To determine whether findings at preoperative endorectal coil magnetic resonance (MR) imaging influence the decision to preserve neurovascular bundles and the extent of surgical margins in robotic-assisted laparoscopic prostatectomy (RALP).


This study was approved by the investigational review board and was compliant with the HIPAA; the requirement to obtain informed consent was waived. The authors prospectively evaluated 104 consecutive men with biopsy-proved prostate cancer who underwent preoperative endorectal coil MR imaging of the prostate and subsequent RALP. MR imaging was performed at 1.5 T between January 2004 and April 2008 and included T2-weighted imaging (n = 104), diffusion-weighted imaging (n = 88), dynamic contrast-enhanced imaging (n = 51), and MR spectroscopy (n = 91). One surgeon determined the planned preoperative extent of resection bilaterally on the basis of clinical information and then again after review of the final MR imaging report. The differences in the surgical plan before and after review of the MR imaging report were determined and compared with the actual surgical and pathologic results by using logistic regression analysis. Continuous and ranked variables underwent Pearson and Spearman analysis.

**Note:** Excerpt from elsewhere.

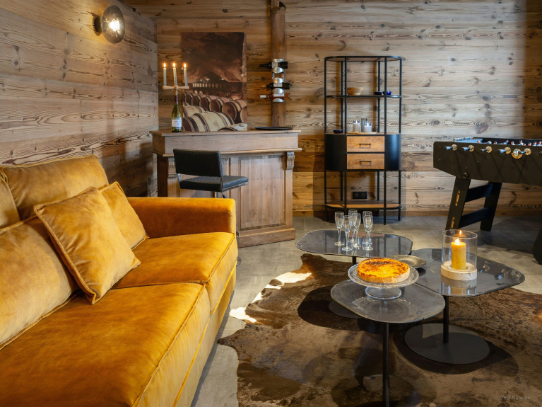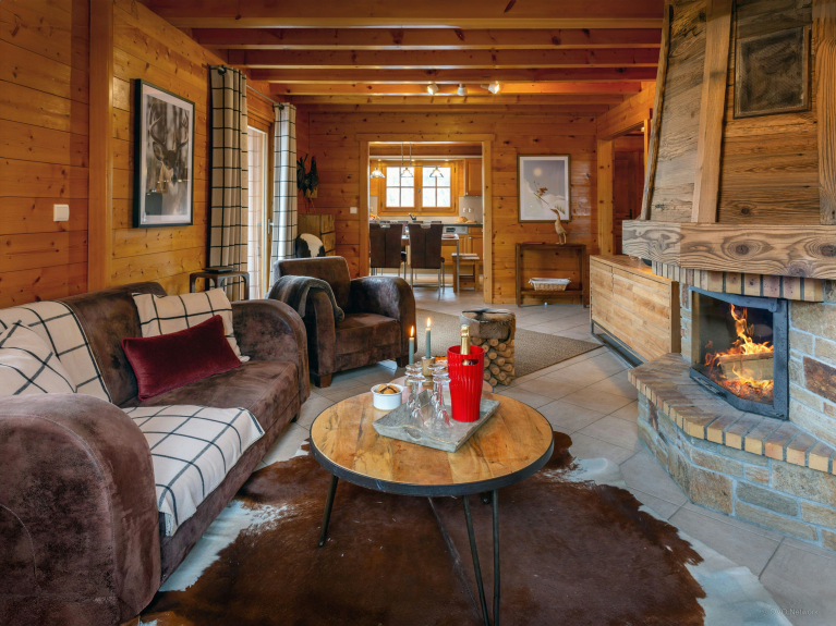La salle principale comporte une cuisine toute équipée adjacente à la salle à manger pour que la préparation des repas s’effectue en toute convivialité. Après le dîner, la famille prendra plaisir à se retrouver autour de la cheminée pour organiser les aventures du lendemain. En été la terrasse vous accueillera pour un délicieux barbecue, un apéritif au coucher du soleil, ou encore un petit digestif sous les étoiles.

After review of MR imaging results, the initial surgical plan was changed in 28 of the 104 patients (27%); the surgical plan was changed to a nerve-sparing technique in 17 of the 28 patients (61%) and to a non-nerve-sparing technique in 11 (39%). Seven of the 104 patients (6.7%) had positive surgical margins. In patients whose surgical plan was changed to a nerve-sparing technique, there were no positive margins on the side of the prostate with a change in treatment plan.


Preoperative prostate MR imaging data changed the decision to use a nerve-sparing technique during RALP in 27% of patients in this series.